Predictive maintenance programs (PDM) are increasingly being adopted by asset owners across the globe to meet with demands that the industry poses. The major challenges are the losses incurred due to machine downtime and general asset management when in a non-utilizable capacity.
A Predictive maintenance program helps provide predictions that aid in forecasting when all a machine downtime can occur, especially useful in time-critical industries.
So how can a prediction be done accurately?
The answer is historical data. The performance of a machine is monitored and noted along with calibration data, infrared imaging, and vibration analysis, all of which combined help in the process of prediction. The knowledge of downtime beforehand saves the industry money and time as these downtimes can be incorporated during downtime in production.
The challenge faced with an extensive check or diagnostic analysis of equipment collecting historical data is that of time again. In an industry, such a process would end up costing more time than an actual downtime for the equipment. The solutions to tackle this problem are many.
Laser calibration equipment brings out a faster way of running quick checks on machines providing an early hawk eye view on machines, even without having to remove them from their covers. This quick check method along with a standard PDM procedure can help bring down machine downtimes to a minimum, which is by far the most sought-after end goal in asset management and calibration industries.
Let us look at a detailed example of how these procedures combined help drives us to our desired end goal.
The industry thrives to maintain high-quality standards that drive the faster application of predictive analytics in asset management. Let us take the case of a machine that is calibrated every six months and has an error tolerance of 2%. After 3 checks, it is noticed that this error tolerance constantly occurs. Such a process gives us an insight and helps predict that, the machine even though stable requires to be calibrated every 6 months. The basis of the prediction, based on historical data helps plan on downtimes related to this machine. The industry also utilizes vibration analysis of various machine parts to further analyze the functionality along with wear and tear that could then be used to make informed decisions.

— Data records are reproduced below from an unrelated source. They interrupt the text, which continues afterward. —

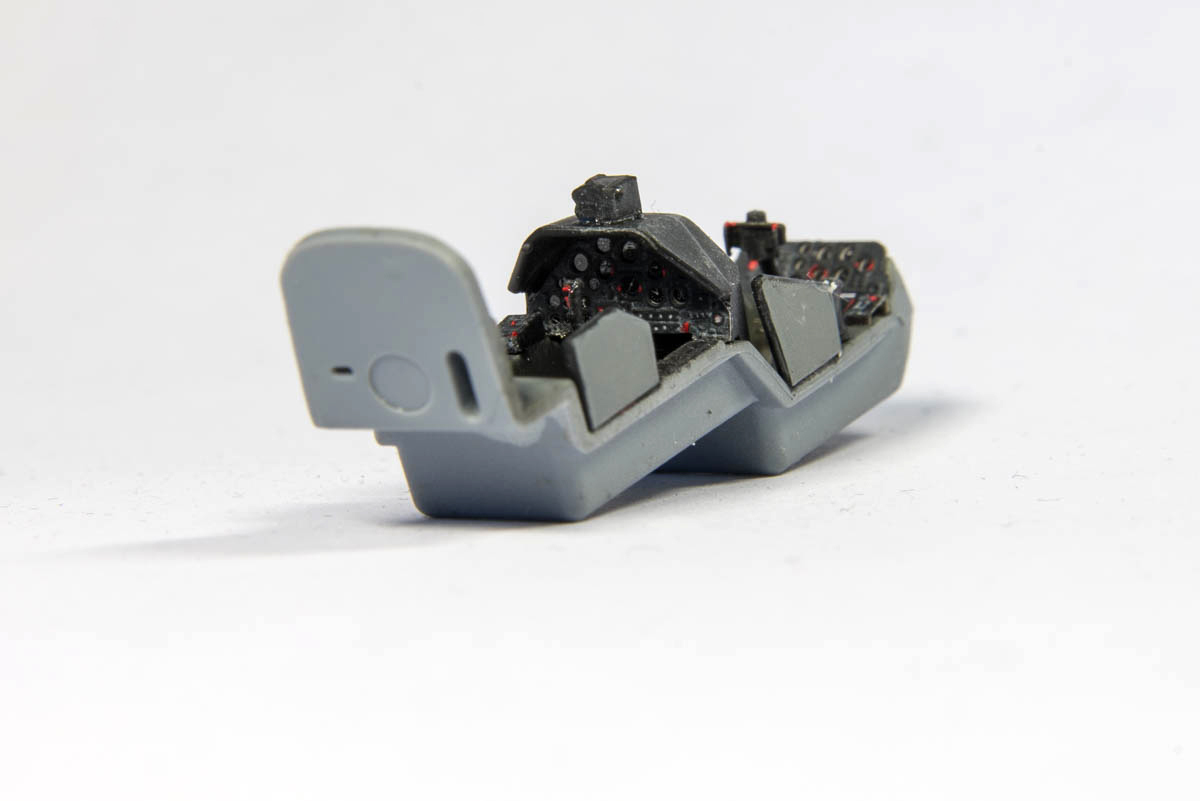 Using the light grey paint, I drybrushed several exposed areas, which would normally look rather bland under just a coat of black paint. Red buttons and indicators were applied using a thicker enamel paint applied with a sharp-pointed toothpick and the use of optivisor. I really love how the instrument dials shine from the otherwise flat instrument panel.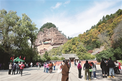 近年來,麥積山石窟藝術(shù)研究所等文物保護(hù)部門持續(xù)加大對麥積山石窟的搶救性保護(hù)和預(yù)防性保護(hù)工作力度,讓千年文化瑰寶持續(xù)煥發(fā)光彩。圖為日前,游客在麥積山石窟參觀,感受中華優(yōu)秀傳統(tǒng)文化的魅力。新華社記者 陳斌 攝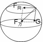 ⑴产生:重力是由于地面上的物体受到地球的万有引力而产生的,但两者不等价,因为万有引力的一个分力要提供物体随地球自转所需的向心力,而另一个分力即重力,如右图所示。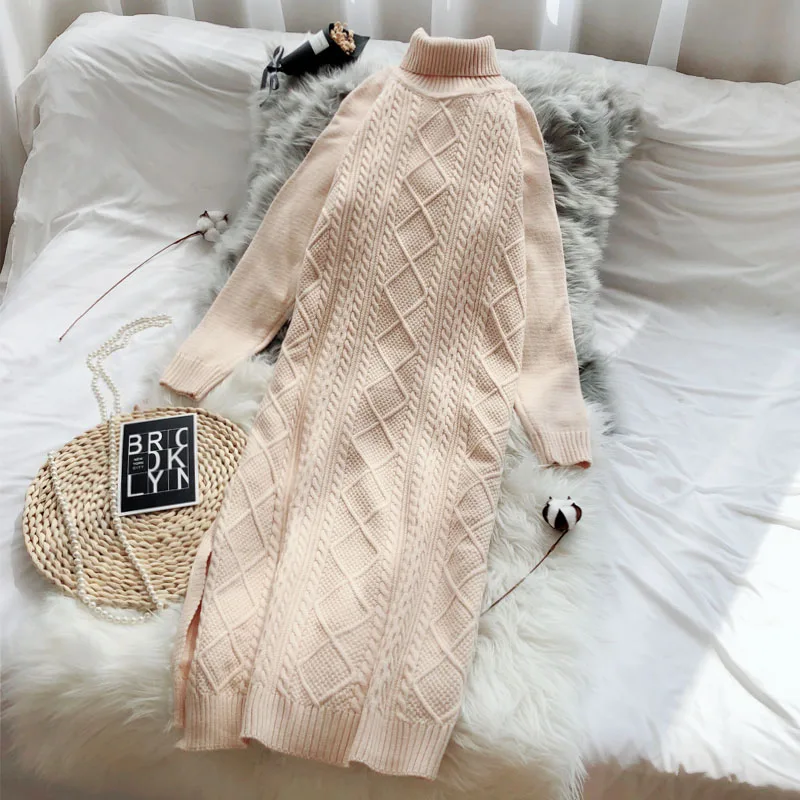 Женское трикотажное платье-свитер с высоким эластичным воротником, элегантное блестящее прямое платье, осень 2019

A quick check mechanism is also introduced to further fasten the process of proper prediction, wherein infrared rays are played across corners of the machine to map and understand any visible flaws under the cover itself. Such a process itself provides an early deduction and helps document flaws that could play a major role in equipment downtime down the line.
The future prescribes a solution based on online calibration in production. Wherein, during manufacturing itself, assets are calibrated within prediction and corrective measures will be deployed then and there. Live scanning systems are constantly employed to put instruments to check, and corrective procedures will be undertaken.
Even though the future solutions look promising but complex, we have active solutions in place which combine the power of regular checks, an effective mechanism for predictive analysis, and the right tools to aid with the process.
What may happen, is right now in your very own hands!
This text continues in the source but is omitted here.